### AIM OF THE EXERCISE:
Since the copy must match the original, write out each record word for word, skipping only the pictures.
DATA FOR PROCESSING START
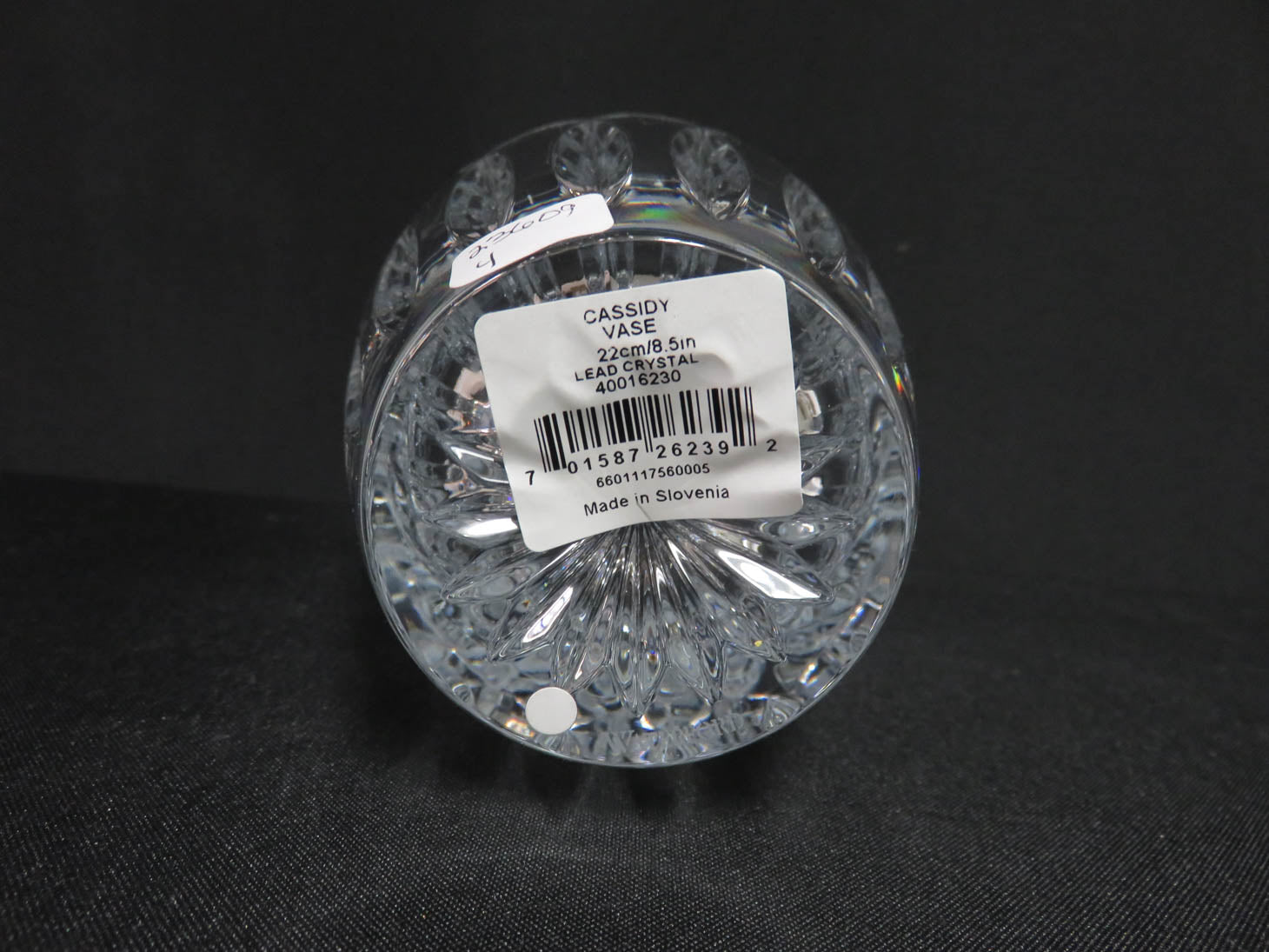 Item Number: 23609-4 "Cassidy" pattern with diamond and wedge cut, original tags still attached 8.5" H
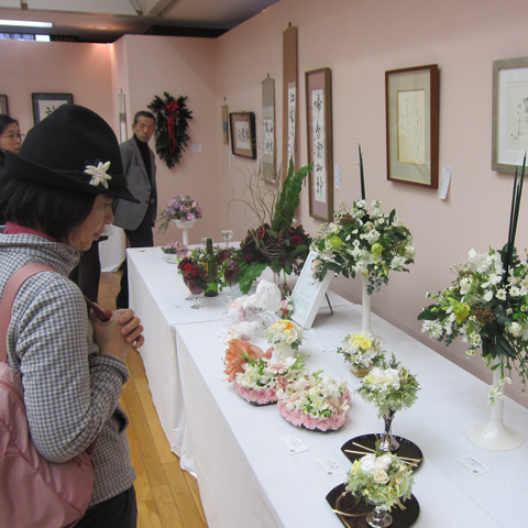 九段生涯学習館で文化芸術の秋フェスティバルの作品展が開かれました。陶芸、書道、フラワーアレンジメントなどの展示もありました。
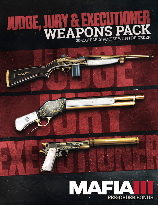 Pierwotnie ekskluzywne dla osób składających zamówienie przedpremierowe na Mafię III DLC Judge, Jury & Executioner Weapons Pack zostało udostępnione wszystkim graczom, za darmo!
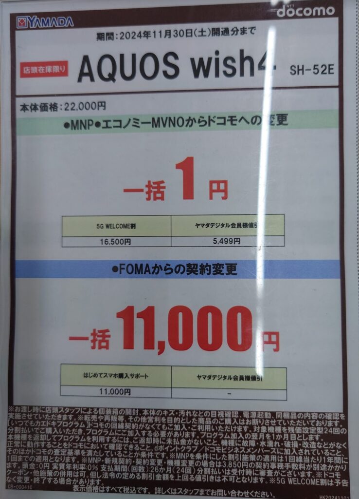 2024年11月2日に調査したところ、ヤマダ電機で「AQUOS Wish4」が一括1円になっているのを発見しました。 ヤマダ電機でAQUOS Wish4が大幅値下げです。MNPでの乗り換えにはなりますが、一括1円での販売となっています。 これならかなりお得に機種変更ができ...
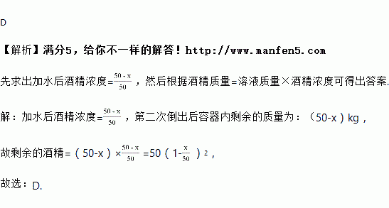 一个容器内盛满纯酒精,第一次倒出若干千克纯酒精后加入同千克的水;第二次又倒出相同千克的酒精溶液,这时容器内酒精溶液含纯酒精![]()
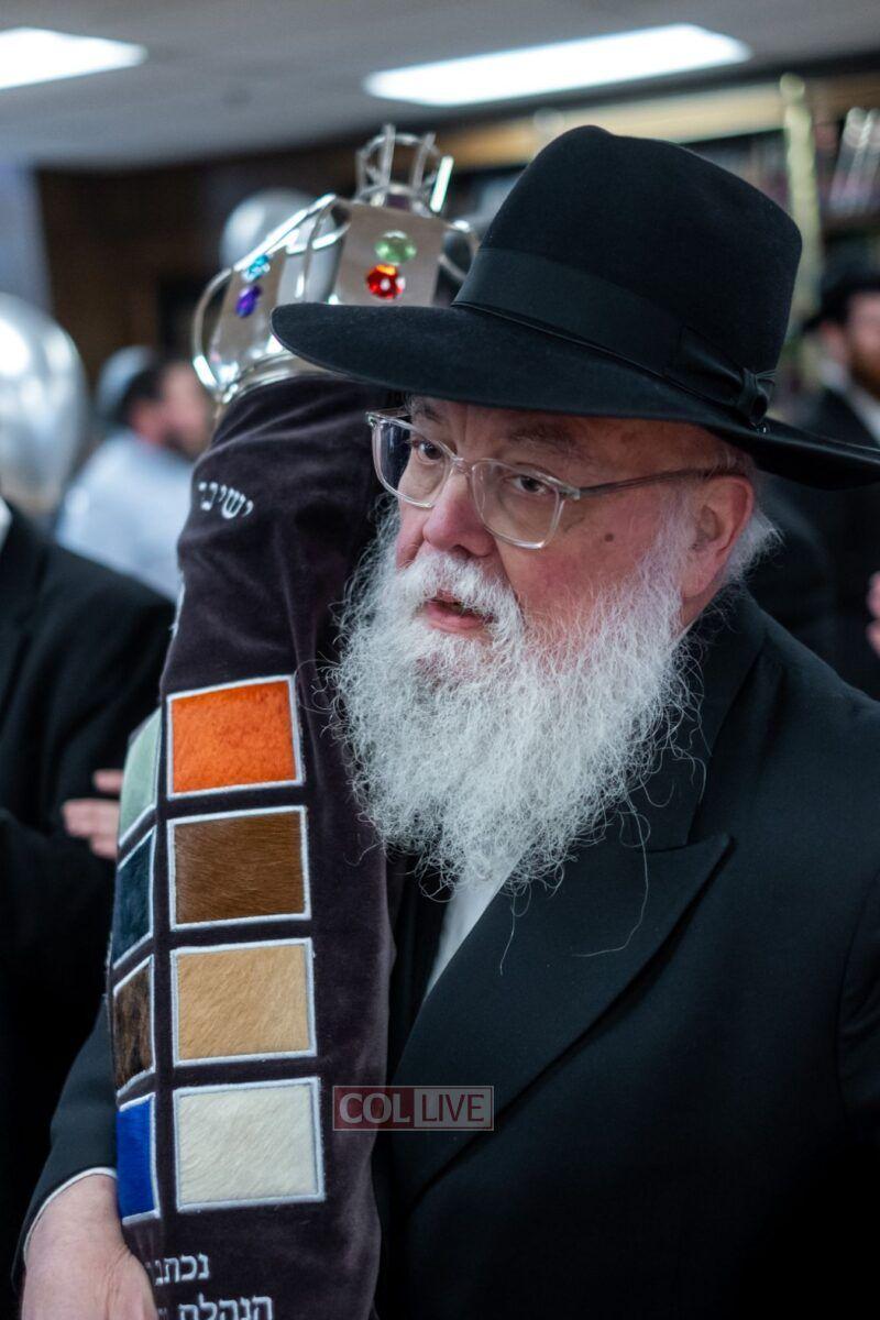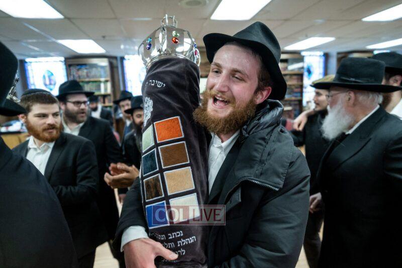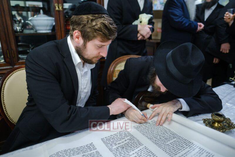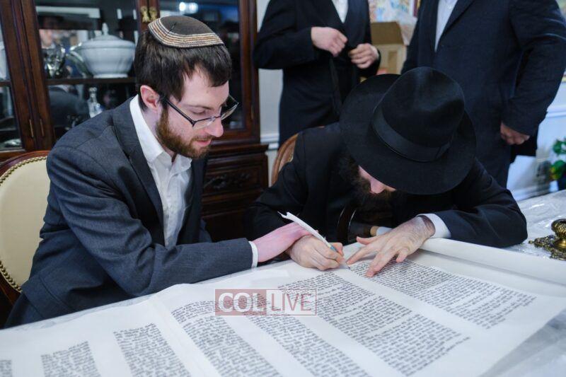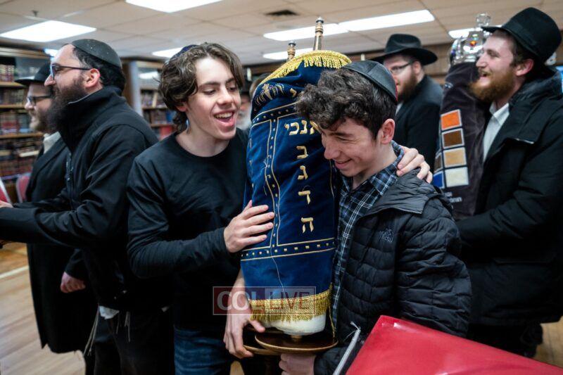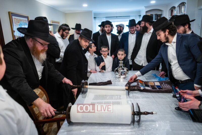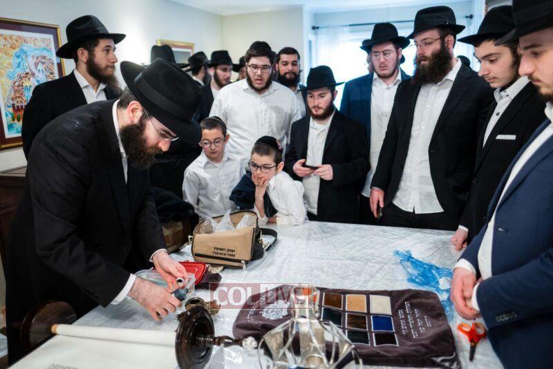 On Sunday morning Rabbi Chaim Brafman began the day by teaching the famous mamar l’hovin inyan kesivas sefer Torah. This was followed after davening by a siyum of the sefer Torah commissioned to be written for the 50th anniversary of Tiferes Bachurim.
DATA FOR PROCESSING END
### SOLUTION TO THE PROBLEM:
 Item Number: 23609-4 "Cassidy" pattern with diamond and wedge cut, original tags still attached 8.5" H
 九段生涯学習館で文化芸術の秋フェスティバルの作品展が開かれました。陶芸、書道、フラワーアレンジメントなどの展示もありました。
 Pierwotnie ekskluzywne dla osób składających zamówienie przedpremierowe na Mafię III DLC Judge, Jury & Executioner Weapons Pack zostało udostępnione wszystkim graczom, za darmo!
 2024年11月2日に調査したところ、ヤマダ電機で「AQUOS Wish4」が一括1円になっているのを発見しました。 ヤマダ電機でAQUOS Wish4が大幅値下げです。MNPでの乗り換えにはなりますが、一括1円での販売となっています。 これならかなりお得に機種変更ができ...
 一个容器内盛满纯酒精,第一次倒出若干千克纯酒精后加入同千克的水;第二次又倒出相同千克的酒精溶液,这时容器内酒精溶液含纯酒精![]()
 On Sunday morning Rabbi Chaim Brafman began the day by teaching the famous mamar l’hovin inyan kesivas sefer Torah. This was followed after davening by a siyum of the sefer Torah commissioned to be written for the 50th anniversary of Tiferes Bachurim.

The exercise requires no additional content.